**Task requirements:**
Exact copies of the lines below, from the one with "앞쪽의 상수 c_1은" up to and including the one with "Made from 100%", are what this calls for; leave out pictures.

**Data supplied:**

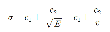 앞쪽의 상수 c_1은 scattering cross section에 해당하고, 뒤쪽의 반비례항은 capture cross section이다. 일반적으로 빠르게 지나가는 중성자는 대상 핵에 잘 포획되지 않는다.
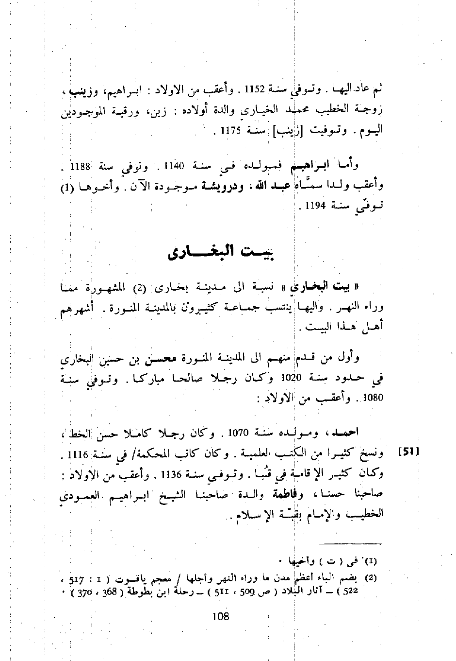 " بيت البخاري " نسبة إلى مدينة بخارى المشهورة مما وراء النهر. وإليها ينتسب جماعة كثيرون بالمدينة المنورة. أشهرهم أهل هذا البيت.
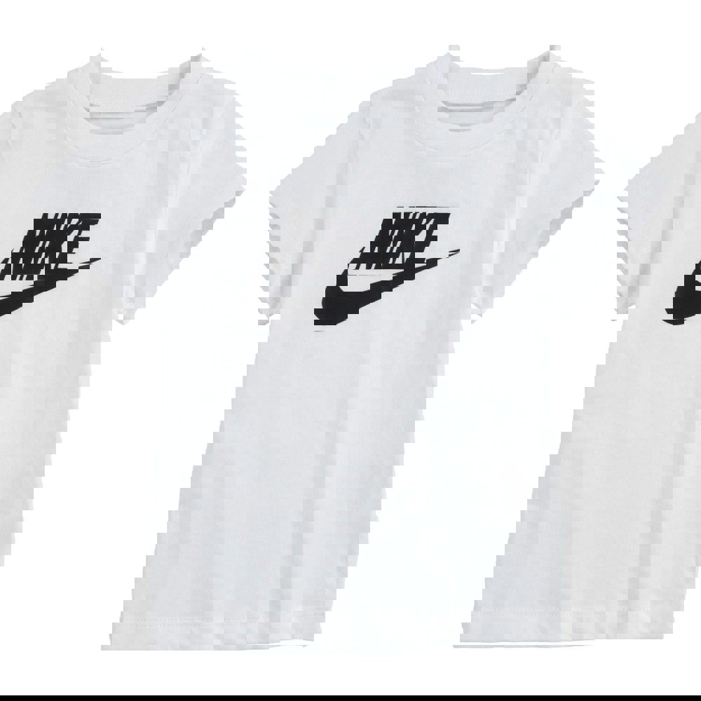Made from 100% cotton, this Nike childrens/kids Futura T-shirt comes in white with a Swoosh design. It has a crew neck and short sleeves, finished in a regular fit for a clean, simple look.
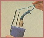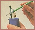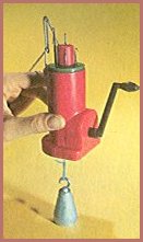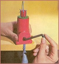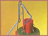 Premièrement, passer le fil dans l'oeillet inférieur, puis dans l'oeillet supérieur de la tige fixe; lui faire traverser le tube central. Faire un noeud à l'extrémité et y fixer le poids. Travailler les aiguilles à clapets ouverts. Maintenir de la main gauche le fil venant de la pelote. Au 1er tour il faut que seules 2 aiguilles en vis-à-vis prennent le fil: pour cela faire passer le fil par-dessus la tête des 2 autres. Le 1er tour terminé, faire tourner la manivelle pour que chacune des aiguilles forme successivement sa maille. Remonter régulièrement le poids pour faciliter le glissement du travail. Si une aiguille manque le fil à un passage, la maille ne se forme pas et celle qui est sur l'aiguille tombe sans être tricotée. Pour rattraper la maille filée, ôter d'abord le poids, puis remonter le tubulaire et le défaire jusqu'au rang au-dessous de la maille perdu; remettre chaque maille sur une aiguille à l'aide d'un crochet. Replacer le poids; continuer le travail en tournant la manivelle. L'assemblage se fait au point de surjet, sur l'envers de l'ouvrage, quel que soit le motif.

==

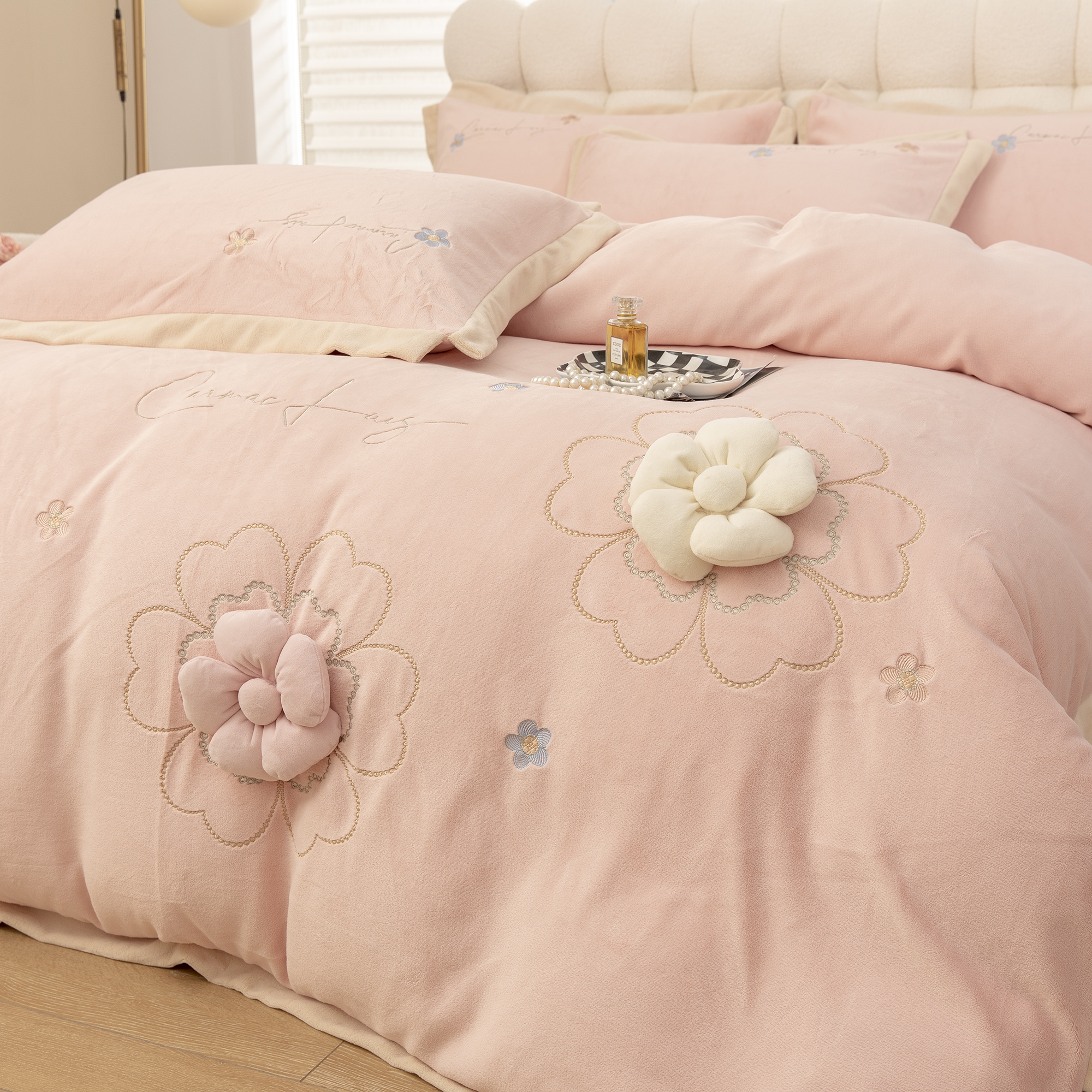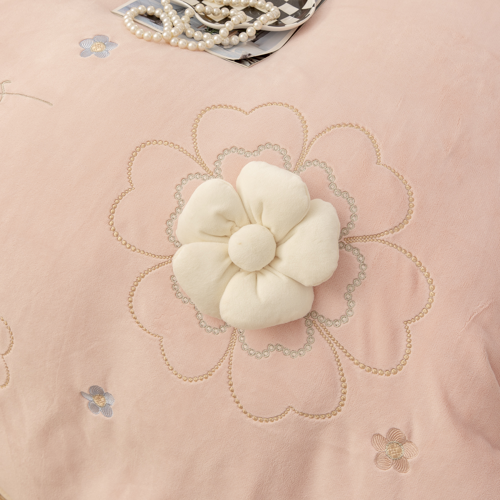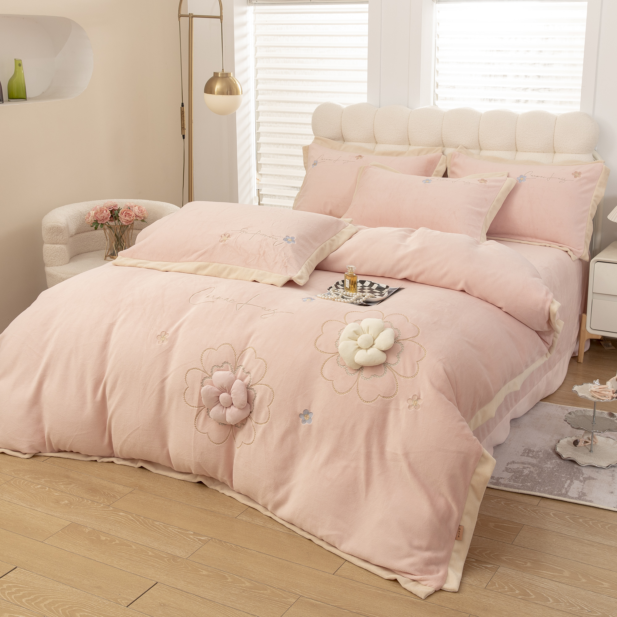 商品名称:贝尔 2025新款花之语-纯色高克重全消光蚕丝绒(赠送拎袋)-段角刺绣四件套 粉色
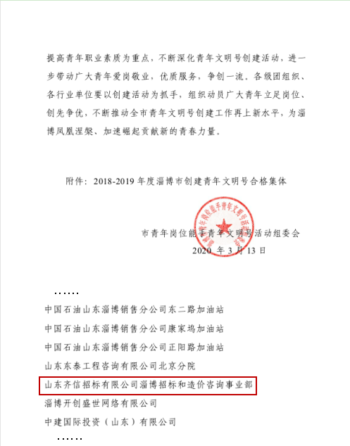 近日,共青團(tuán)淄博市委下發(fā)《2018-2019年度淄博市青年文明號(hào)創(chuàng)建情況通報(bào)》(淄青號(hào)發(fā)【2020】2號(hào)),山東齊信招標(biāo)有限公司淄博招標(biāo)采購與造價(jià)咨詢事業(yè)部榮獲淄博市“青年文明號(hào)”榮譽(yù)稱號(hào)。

**Exercise output:**
 앞쪽의 상수 c_1은 scattering cross section에 해당하고, 뒤쪽의 반비례항은 capture cross section이다. 일반적으로 빠르게 지나가는 중성자는 대상 핵에 잘 포획되지 않는다.
 " بيت البخاري " نسبة إلى مدينة بخارى المشهورة مما وراء النهر. وإليها ينتسب جماعة كثيرون بالمدينة المنورة. أشهرهم أهل هذا البيت.
Made from 100% cotton, this Nike childrens/kids Futura T-shirt comes in white with a Swoosh design. It has a crew neck and short sleeves, finished in a regular fit for a clean, simple look.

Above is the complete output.